#### Source data ####

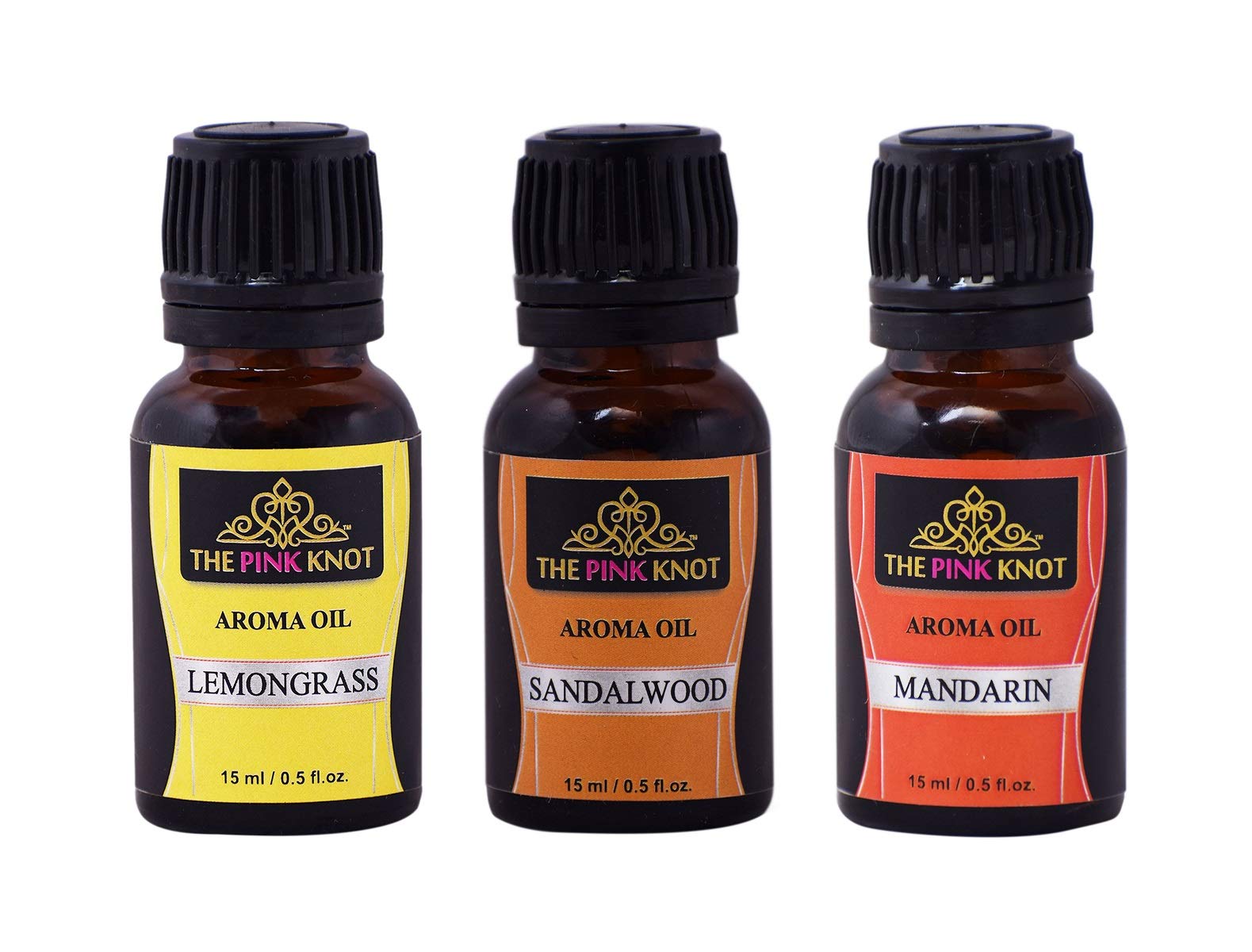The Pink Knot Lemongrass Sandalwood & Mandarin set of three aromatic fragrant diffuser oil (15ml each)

####
#### Source data ####

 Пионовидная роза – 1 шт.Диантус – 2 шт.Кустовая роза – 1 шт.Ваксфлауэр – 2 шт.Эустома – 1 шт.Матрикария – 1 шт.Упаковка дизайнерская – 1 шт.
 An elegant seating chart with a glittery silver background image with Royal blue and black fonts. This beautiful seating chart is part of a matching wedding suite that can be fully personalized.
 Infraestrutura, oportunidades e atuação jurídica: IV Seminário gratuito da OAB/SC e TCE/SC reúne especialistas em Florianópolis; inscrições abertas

####
#### Source data ####

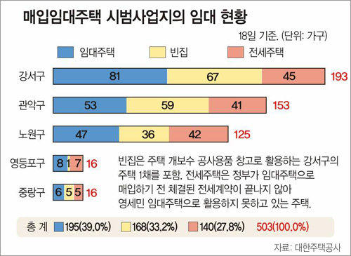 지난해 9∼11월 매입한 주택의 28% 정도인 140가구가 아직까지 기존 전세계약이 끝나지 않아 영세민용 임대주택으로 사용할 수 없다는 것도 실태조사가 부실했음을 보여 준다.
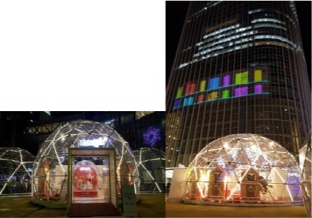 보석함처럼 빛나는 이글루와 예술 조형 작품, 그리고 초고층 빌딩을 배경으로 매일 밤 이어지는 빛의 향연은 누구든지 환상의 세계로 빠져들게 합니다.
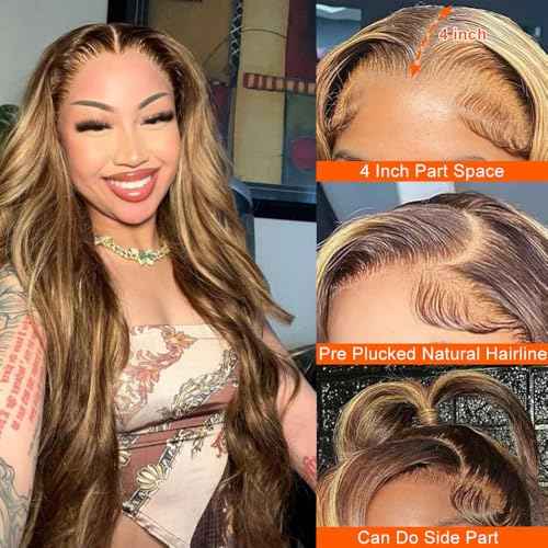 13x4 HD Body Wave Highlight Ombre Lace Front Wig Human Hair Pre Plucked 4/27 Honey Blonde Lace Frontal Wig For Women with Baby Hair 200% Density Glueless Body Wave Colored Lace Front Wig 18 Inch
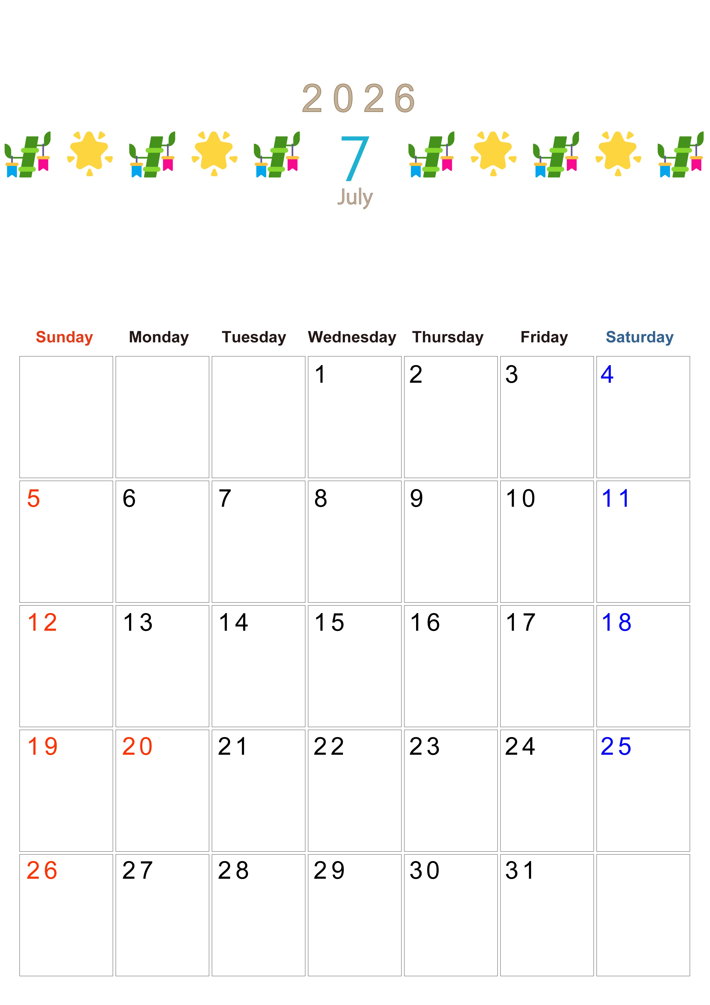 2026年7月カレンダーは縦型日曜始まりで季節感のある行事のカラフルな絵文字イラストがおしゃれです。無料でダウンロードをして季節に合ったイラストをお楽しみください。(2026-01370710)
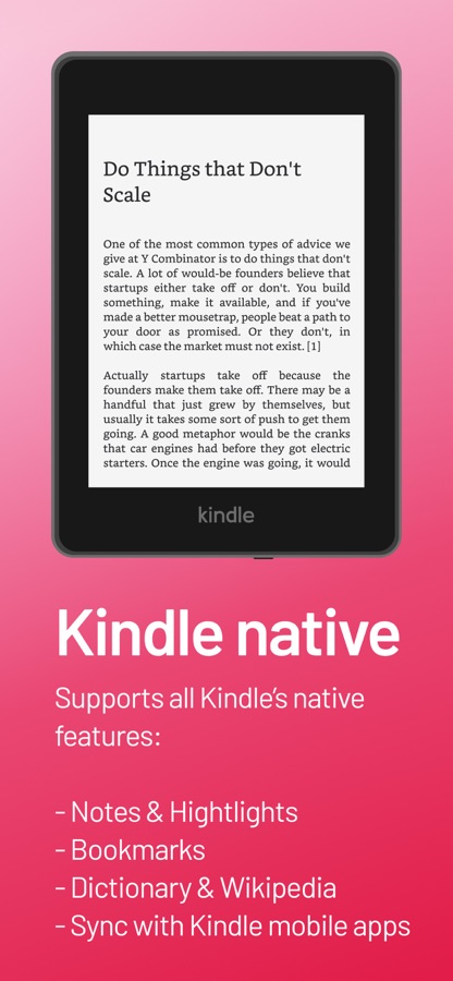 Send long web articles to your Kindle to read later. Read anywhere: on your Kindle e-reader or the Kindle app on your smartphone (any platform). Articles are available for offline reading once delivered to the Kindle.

####

**Problem requirements**
Extract from the material above the stretch running from the line containing "2026年7月カレンダーは縦" through the line containing "Send long web". Keep the text exact and the pictures out.

**Exercise response**
 2026年7月カレンダーは縦型日曜始まりで季節感のある行事のカラフルな絵文字イラストがおしゃれです。無料でダウンロードをして季節に合ったイラストをお楽しみください。(2026-01370710)
 Send long web articles to your Kindle to read later. Read anywhere: on your Kindle e-reader or the Kindle app on your smartphone (any platform). Articles are available for offline reading once delivered to the Kindle.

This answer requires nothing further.